- _Task requirements_: An exact transcription of every record below is required, with the pictures left out.

(Stored data entries)
####
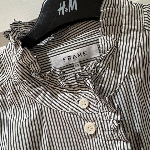 Silkebluse fra FRAME Denim. Røft og rocka, men også feminint uttrykk. Avslappet passform, med høy krage, brede mansjetter og skjortekant nederst. Men samtidig liten i størrelsen. Noe åpen bak. 100 % silke.
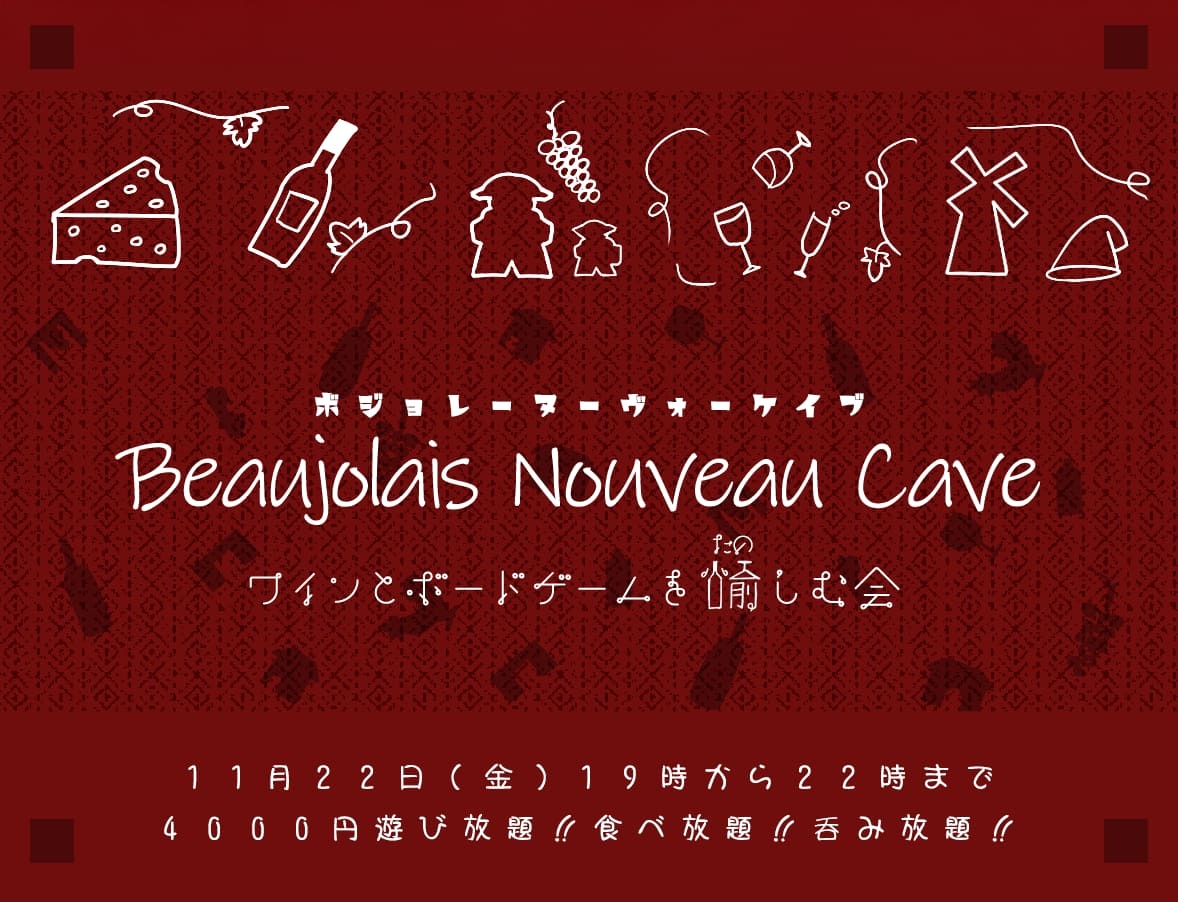 | タグ | ボードゲーム、初心者歓迎、どなたでも、初参加歓迎、途中参加OK、食べ放題、呑み放題、ボジョレーヌーヴォー |
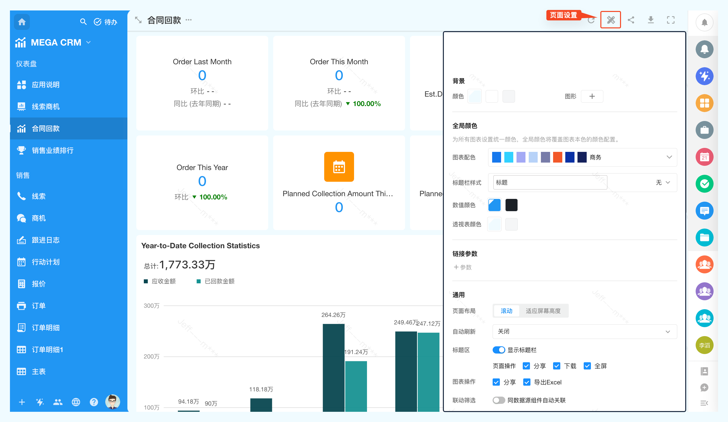 在自定义页面中,应用管理员可以配置在此页面中显示的内容,常用于仪表盘,显示当前应用下所有数据的统计图,方便查看,分析和决策。
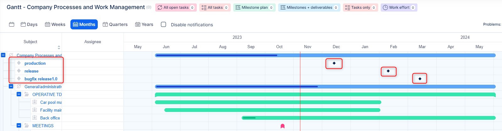 - Closed milestones are not displayed in Easy Gantt, therefore, any task placed under such a milestone will be shown like without a milestone.
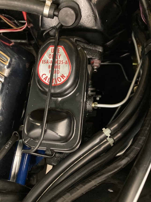 Overnight the brake distribution valve had a couple leaks. So I had to remove the master cylinder to be able to tighten the fittings some more. They quit weeping. So the master cylinder went back on.
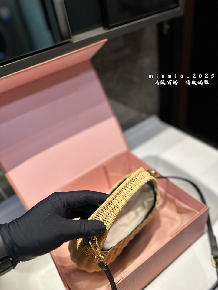 WANDER WICKER HOBO BAG 23 IN TAN BROWN HANDWOVEN WITH BLACK CALFSKIN LOGO
####
- _Result_:
 Silkebluse fra FRAME Denim. Røft og rocka, men også feminint uttrykk. Avslappet passform, med høy krage, brede mansjetter og skjortekant nederst. Men samtidig liten i størrelsen. Noe åpen bak. 100 % silke.
 | タグ | ボードゲーム、初心者歓迎、どなたでも、初参加歓迎、途中参加OK、食べ放題、呑み放題、ボジョレーヌーヴォー |
 在自定义页面中,应用管理员可以配置在此页面中显示的内容,常用于仪表盘,显示当前应用下所有数据的统计图,方便查看,分析和决策。
 - Closed milestones are not displayed in Easy Gantt, therefore, any task placed under such a milestone will be shown like without a milestone.
 Overnight the brake distribution valve had a couple leaks. So I had to remove the master cylinder to be able to tighten the fittings some more. They quit weeping. So the master cylinder went back on.
 WANDER WICKER HOBO BAG 23 IN TAN BROWN HANDWOVEN WITH BLACK CALFSKIN LOGO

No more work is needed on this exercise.